So ... But ...

So, I fulfilled a childhood dream and joined the pirate crew.

But Captain Dopebeard didn’t like the cut of my jib.

So I had myself a little makeover and now Cappy and I are the best of friends.

But that didn’t stop me from stickin’ a knife in his gibbet and castin’ him overboard at the first opportunity.

So as new captainof the vessel, I led the few in a hearty chorus of “Yo Ho A Pirate’s Life for Me” and we set out to sink a Royal Caribbean cruise liner.

But the liner was already becalmed.

So, I looked at my dinghy

But my crew was gettin’ a bit rowdy.

So I thought what the heck I row the dinghy myself.

But termites had eaten through the oars.

So, I bought a pack of hungry aardvarks to eat them.

But how do I get off the liner, I pondered.

So I searched the storage holds.

But the only animals I found were bilge rats.

So I turned on the Bat-signal, and waited for the Caped Crusader.

But instead, the Atom showed up, and who’s a more useless “superhero” than him?

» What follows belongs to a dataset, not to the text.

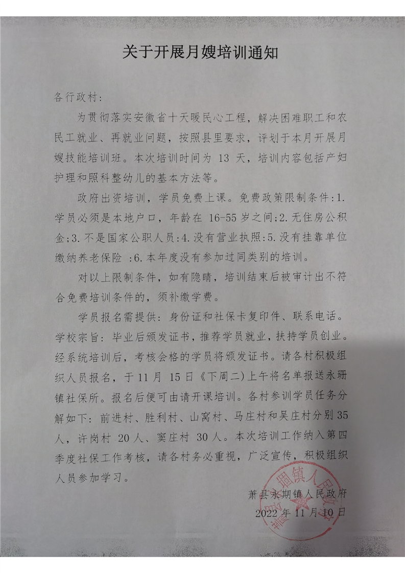 【职业培训信息】永堌镇关于开展月嫂培训通知

So the Atom (who’s hands-on physics professor Ray Palmer off-duty) fixed the liner’s engines to move at supersonic speeds, and we arrived in Jamaica in a short amount of time.

But in the meantime we made dreadlocks just to look cooler.

So the Jamaica Tourism Office wanted to take our pictures for their next brochure.

But they rejected the idea of us smoking reefer in the ad.